THE PROBLEM: In your transcription, keep every record exact and leave out the pictures.

(Items from a data source)
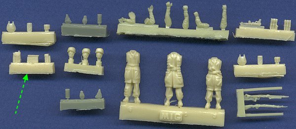 ![]() How often do we get figure sets that come with 32 parts for only three figures? This is a testament to MIG's attention to detail with this particular set of German Paratroopers. The figures are molded with separate heads, arms and equipment, which allows not only for better and more 3-dimensional detail, but also gives us the ability to personalize our figures to a certain extent. As with all of MIG's figures, the molding and casting are first-rate, and the only blemishes on this set are on a single row of parts indicated above, with an air bubble marring each of the three pieces on that stick. Poor quality control here, as that stick should never have been bagged up. Aside from that small defect, these figures are perfect. Thanks once again to Michael Hatch for providing this review set. |
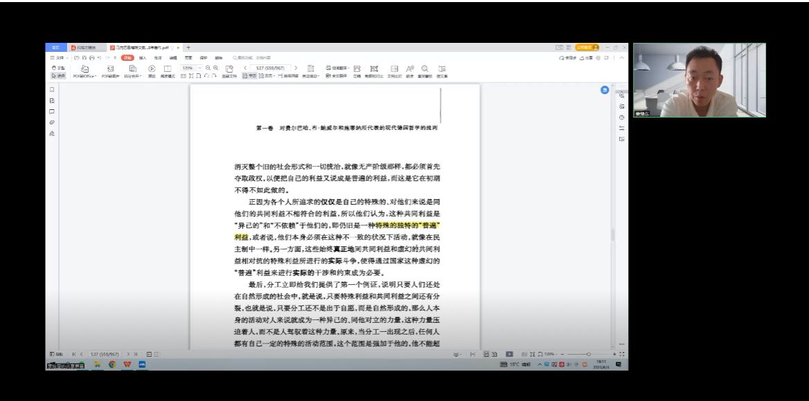 2023年6月3日,西北工业大学马克思主义学院第43期“启真明智”读书会通过腾讯会议顺利举行。本次读书会由学院齐承水老师主持,东北大学姜耀东老师、温州大学张海波老师与硕博同学们一起阅读了《德意志意识形态》。
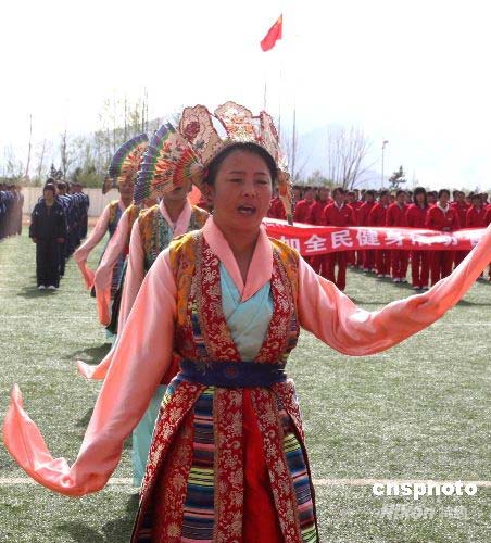 4月30日上午,西藏拉薩舉行迎奧運(yùn)倒計(jì)時(shí)一百天群眾體育慶典活動(dòng),各族各界民眾一千多人聚會(huì)西藏大學(xué),以民族歌舞等方式祝福北京奧運(yùn)會(huì)圓滿成功。中新社發(fā) 柳俊武 攝
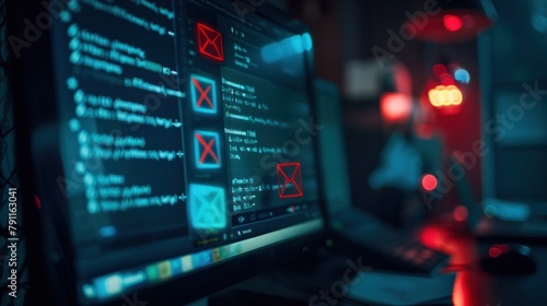 blurred, figure, computer, monitor, code, error, message, dark, room, red, light, hacker, technology, dangerous, invisible, digital, shadow, mask, identity, anonymous, programming, firewall, encryption, surveillance, intrusion, datum, thieving, hacker, virtual, threat, phishing, password, breach, spam, virus, spyware, scam, information, leak, mining, attack
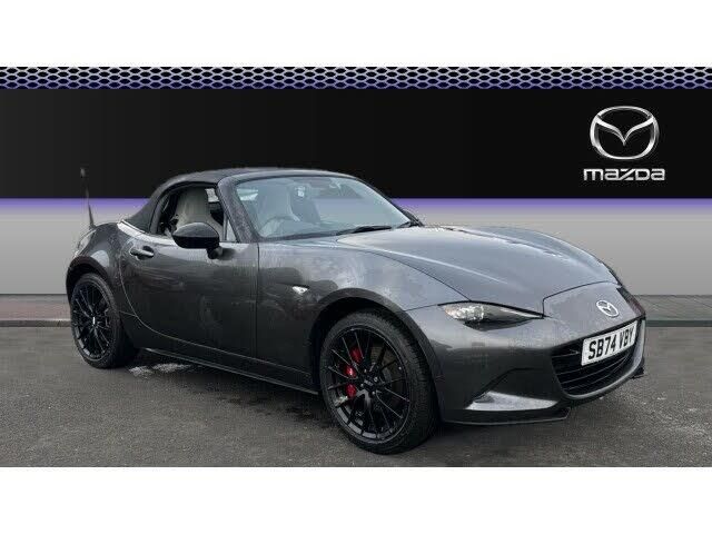 Introducing the stunning Mazda MX-5 2.0 [184] Homura 2dr Convertible, an icon of driving pleasure and unmatched elegance. Finished in Machine Grey Metallic Paint, this vehicle effortlessly blends sophistication with a sporty edge, ensuring you make an impression on every journey. Complementing the striking exterior is the Stone Leather Interior, offering luxurious comfort and premium craftsmanship that elevates the driving experience. With only delivery mileage on the clock, this vehicle is practically brand new and represents an incredible opportunity to own an iconic roadster at a fantastic saving against the new price. Backed as a Mazda Approved Used Vehicle, you can drive with peace of mind, knowing it meets Mazdas high standards of quality, reliability, and performance. Under the hood, the powerful 2.0L engine delivering 184PS promises exhilarating performance, while the precision-engineered chassis ensures responsive handling and pure driving joy. The convertible design lets you savor the open road in style, whether cruising city streets or winding country lanes. Packed with advanced features and state-of-the-art technology, the MX-5 Homura is designed to make every journey extraordinary. From its sleek design to its dynamic driving capabilities, this vehicle is built for enthusiasts who demand nothing less than excellence. Don't miss out on this rare opportunity to own a nearly-new Mazda MX-5 Homura at an unbeatable value. Visit today to experience the thrill for yourself!
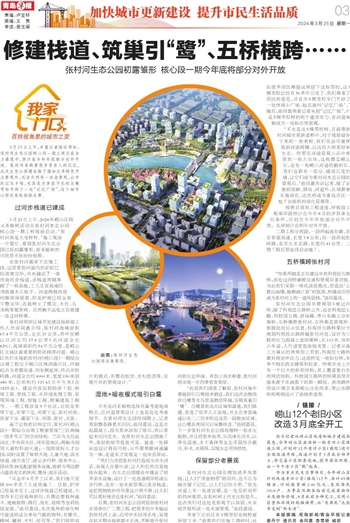 3月23日上午,早报记者探访得知,张村河生态公园核心段一期工程正在全力推进中,预计在今年年底部分对外开放。张村河承载着很多青岛人的记忆,此次生态公园建设除了增加众多特色节点景观外,还活化利用一些老景观,让市民记住乡愁,尤其是为李家下庄的五棵雪松开辟了一处“记忆广场”,这个细节让附近居民纷纷点赞。

REPLY:
 ![]() How often do we get figure sets that come with 32 parts for only three figures? This is a testament to MIG's attention to detail with this particular set of German Paratroopers. The figures are molded with separate heads, arms and equipment, which allows not only for better and more 3-dimensional detail, but also gives us the ability to personalize our figures to a certain extent. As with all of MIG's figures, the molding and casting are first-rate, and the only blemishes on this set are on a single row of parts indicated above, with an air bubble marring each of the three pieces on that stick. Poor quality control here, as that stick should never have been bagged up. Aside from that small defect, these figures are perfect. Thanks once again to Michael Hatch for providing this review set. |
 2023年6月3日,西北工业大学马克思主义学院第43期“启真明智”读书会通过腾讯会议顺利举行。本次读书会由学院齐承水老师主持,东北大学姜耀东老师、温州大学张海波老师与硕博同学们一起阅读了《德意志意识形态》。
 4月30日上午,西藏拉薩舉行迎奧運(yùn)倒計(jì)時(shí)一百天群眾體育慶典活動(dòng),各族各界民眾一千多人聚會(huì)西藏大學(xué),以民族歌舞等方式祝福北京奧運(yùn)會(huì)圓滿成功。中新社發(fā) 柳俊武 攝
 blurred, figure, computer, monitor, code, error, message, dark, room, red, light, hacker, technology, dangerous, invisible, digital, shadow, mask, identity, anonymous, programming, firewall, encryption, surveillance, intrusion, datum, thieving, hacker, virtual, threat, phishing, password, breach, spam, virus, spyware, scam, information, leak, mining, attack
 Introducing the stunning Mazda MX-5 2.0 [184] Homura 2dr Convertible, an icon of driving pleasure and unmatched elegance. Finished in Machine Grey Metallic Paint, this vehicle effortlessly blends sophistication with a sporty edge, ensuring you make an impression on every journey. Complementing the striking exterior is the Stone Leather Interior, offering luxurious comfort and premium craftsmanship that elevates the driving experience. With only delivery mileage on the clock, this vehicle is practically brand new and represents an incredible opportunity to own an iconic roadster at a fantastic saving against the new price. Backed as a Mazda Approved Used Vehicle, you can drive with peace of mind, knowing it meets Mazdas high standards of quality, reliability, and performance. Under the hood, the powerful 2.0L engine delivering 184PS promises exhilarating performance, while the precision-engineered chassis ensures responsive handling and pure driving joy. The convertible design lets you savor the open road in style, whether cruising city streets or winding country lanes. Packed with advanced features and state-of-the-art technology, the MX-5 Homura is designed to make every journey extraordinary. From its sleek design to its dynamic driving capabilities, this vehicle is built for enthusiasts who demand nothing less than excellence. Don't miss out on this rare opportunity to own a nearly-new Mazda MX-5 Homura at an unbeatable value. Visit today to experience the thrill for yourself!
 3月23日上午,早报记者探访得知,张村河生态公园核心段一期工程正在全力推进中,预计在今年年底部分对外开放。张村河承载着很多青岛人的记忆,此次生态公园建设除了增加众多特色节点景观外,还活化利用一些老景观,让市民记住乡愁,尤其是为李家下庄的五棵雪松开辟了一处“记忆广场”,这个细节让附近居民纷纷点赞。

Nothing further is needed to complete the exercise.